This repository consists of two independent parts: gitcrawler for crawling Github; programprocessor to preprosess Java programs for PCC.
The project gitcrawler can crawl all the projects in GITHUB. The project gitcrawler should run as:
java -jar gitcrawler.jar
You can also import the project into eclipse directly, find the main class cn.yyx.research.gitcrawler.gitcrawler.App
, then right click it and choose 'Run as Java Applications'.
In the console or the command line, you can type 'start' directly, the gitcrawler will start to crawl projects on github.
Before you type 'start', you could type 'initial para1:para2:para3:para4:para5' to initial the crawler.
Here is meanings of the five parameters:para1 to para5:
para1 : number of threads used to crawl the projects.
para2 : the minimum stars of a project, all projects with smaller number of stars than this number will be ignored.
para3 : the range of stars. Only projects with stars between 'starbegin' and 'starbegin + starrange' will be crawled.

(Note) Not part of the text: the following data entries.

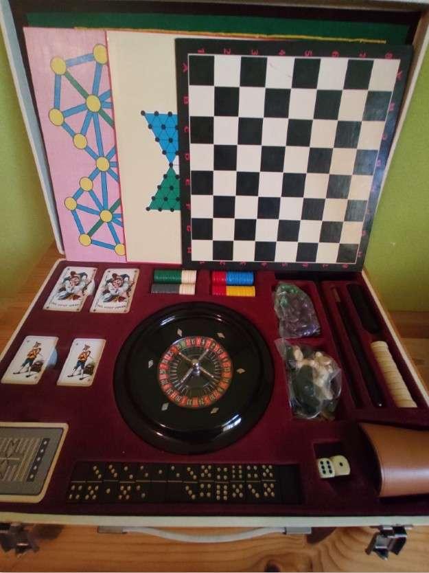 Spielekoffer (gem. Fotos) mit diversen Brettspielen, Kartenspielen, Würfelbecher, Roulette etc.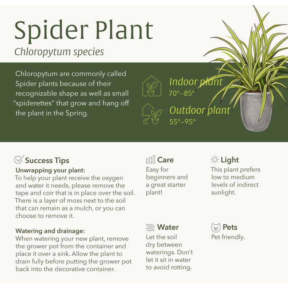 Our spider plants bring the lush jungles of Southern Africa to your home. One of the best air purifying plants, we love them for their spiky variegated foliage. They are easy to care for and look great set on a table-top or hung from a macrame sling. You can even keep them out on the patio during summer – just remember to bring them inside if there’s any risk of frost. Our spiky and spectacular Spider plant (Chlorophytum Comosum) will also bring instant attitude to any room in your home. With lime green and yellow variegated leaves, this house plant is bright and beautiful. They are an excellent air purifier and are super easy to care for.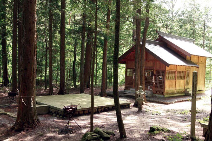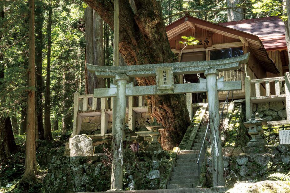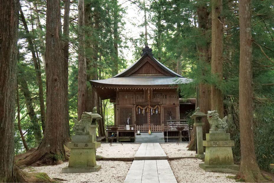 三海神を祀る神社。樹齢2000年とも言われる日本杉(やまとすぎ)や日本武尊の腰掛岩などがあり、古代東山道の雰囲気を残している。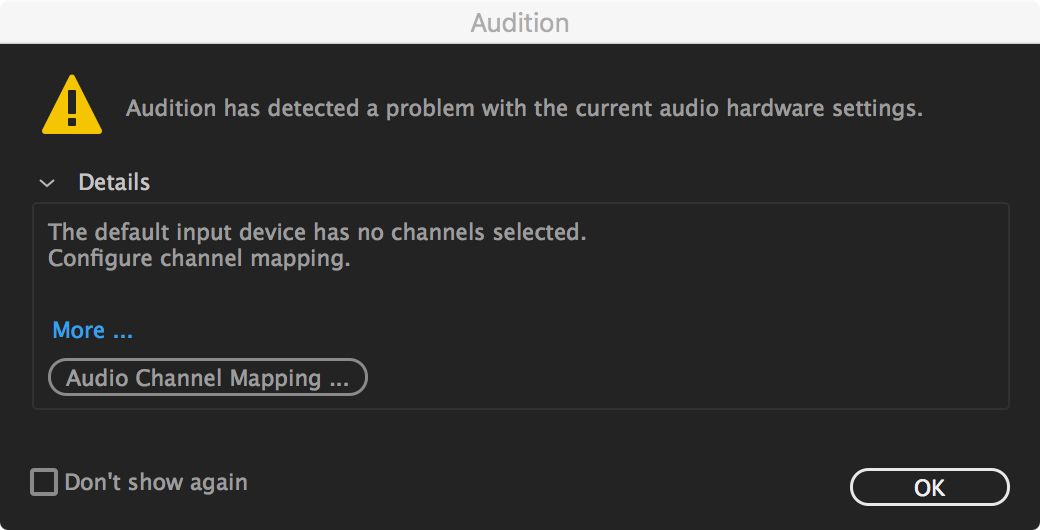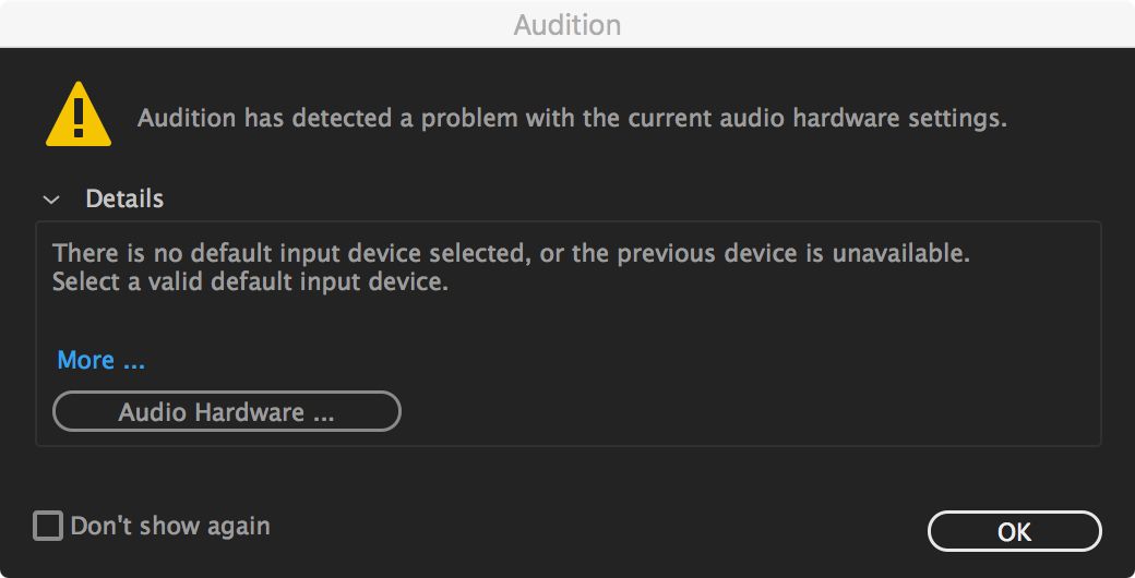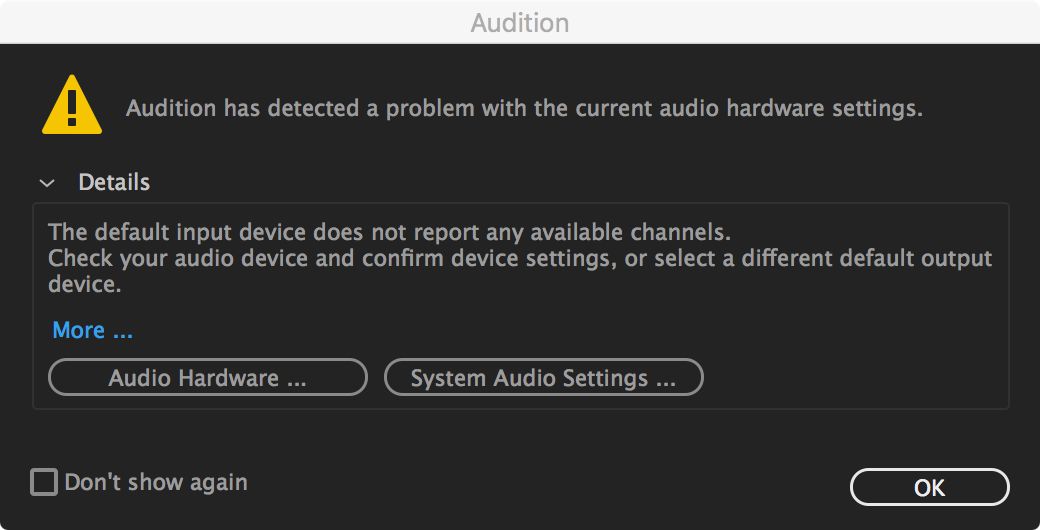 Audition biedt nuttige berichten en aanbevelingen om bekende problemen met hardwarecommunicatie op te sporen en op te lossen.  Hieronder vindt u de foutberichten voor extra stappen en informatie.

para4 : language, the language of projects, such as Java, C, C#, etc.
para5 : dest directory, where to put the crawled projects.
Here is an overall example:
you firstly type:
initial 10:50:5:java:~/HomeSpace/AllZipFile
then you type:
start
The two commands will use 10 threads to crawl Java projects with stars between 50-55, the crawled projects will be put into the directory '~/HomeSpace/AllZipFile' in Linux. The way is similar on Windows. I guess it also works on Mac because I did not use any external library in this project.
Note that, the projects crawled is of zip format. We need to unzip all these zip files. In https://github.com/yangyixiaof/gitcrawler/tree/master/gitcrawler/UnzipScript, we offer a linux bash script unzipAll.sh to unzip all these zip files.
The usage of the unzipAll.sh is as follows:
./unzipAll.sh WhereTheZipFilesExist
WhereTheZipFilesExist is the path to the directory you put the crawled projects, WhereTheZipFilesExist should be the same as 'para5' described above.
Here is an example:
./unzipAll.sh ~/HomeSpace/AllZipFile
The unzipped files will be put into the directory named 'UnzipPool' in the current directory where your command line is located.
The project programprocessor translates Java to IR. The project program processor should run as: java -jar programprocessor.jar
then, input command: start PathToSourceRepository PathToWhereIRIsPut
an example is: start /home/yyx/CodeComletionTestSpace/CodeSource /home/yyx/CodeComletionTestSpace/IR_yyx The path /home/yyx/CodeComletionTestSpace/CodeSource is where the source codes are put. The path /home/yyx/CodeComletionTestSpace/IR_yyx is where the geneted IR is put.